Over the course of the 3 years I’ve had my Blue Bomber, I’ve had 3 accidents (2 due to texting drivers, 1 due to malfunction) but none have been especially serious after the first. The bike has held up well, but I can tell the miles and the strain of carrying 470lbs, then 400lbs, now 365lbs on a bike designed to carry no more than 300 or so is adding up. I intend to ride it until the frame starts to split, but here’s where the wrinkle comes in…
…my birthday is coming and H wants to do something nice for me.
She wants to get me a new bike so I have two in case one goes out of action for a while, and so I have a fancier, shinier one than my Blue Bomber.
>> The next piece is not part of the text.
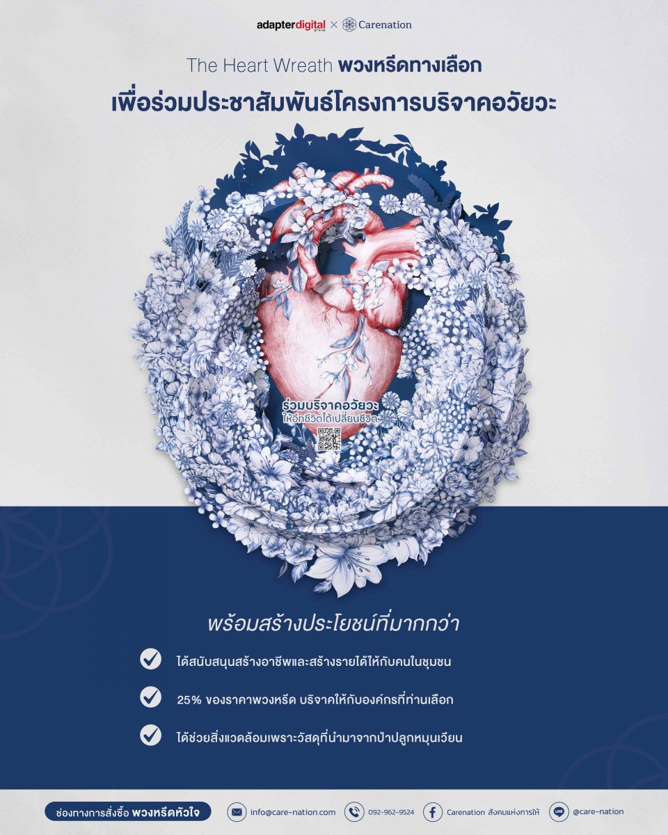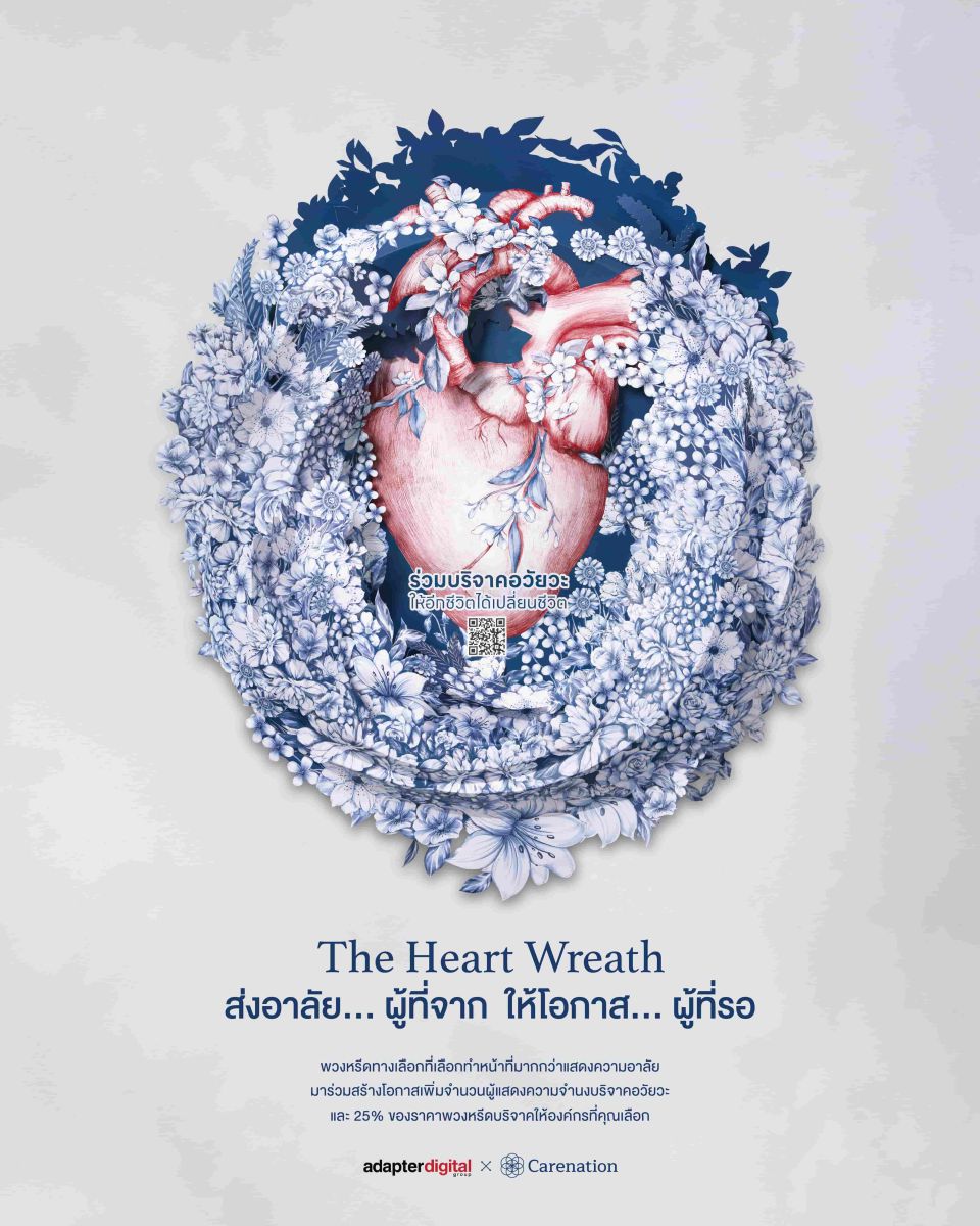 กรุงเทพฯ-Carenation และ Adapter Digital Group บริษัทเอเจนซี่โฆษณา ร่วมแจ้งเกิดโปรเจกต์เพื่อสังคมไอเดียใหม่ The Heart Wreath หรือ พวงหรีดหัวใจ พวงหรีดแห่งการทำดี ช่วยทำให้คนรับรู้ถึงโครงการบริจาคอวัยวะมากขึ้น และ 25% ของราคาพวงหรีดได้บริจาคให้กับองค์กรการกุศล และยังสร้างอาชีพเสริมกระจายรายได้เข้าชุมชน

I’m more than a little freaked out at entering an actual bike shop to buy a new one, especially one run by a pro rider, when I have heard and read so many horror stories about people being told to leave and “come back when you weigh 200lbs.” She has a contact who we’ve been assured is wonderful and kind and won’t do that at all, but I still freak a bit a the thought of being told “Nope, sorry mate, you’re just too damn fat. We don’t have anything that can hold you.” (Having to drive an hour and a half to Oklahoma City to be told that, then coming home empty handed, would be further sauce for the goose.)
So, we will see how that plays out- we might go up today, or perhaps Monday. More to come on that front.
So there’s part 1 of the bicycle chapter. Part 2 and the birthday chapter will come soon.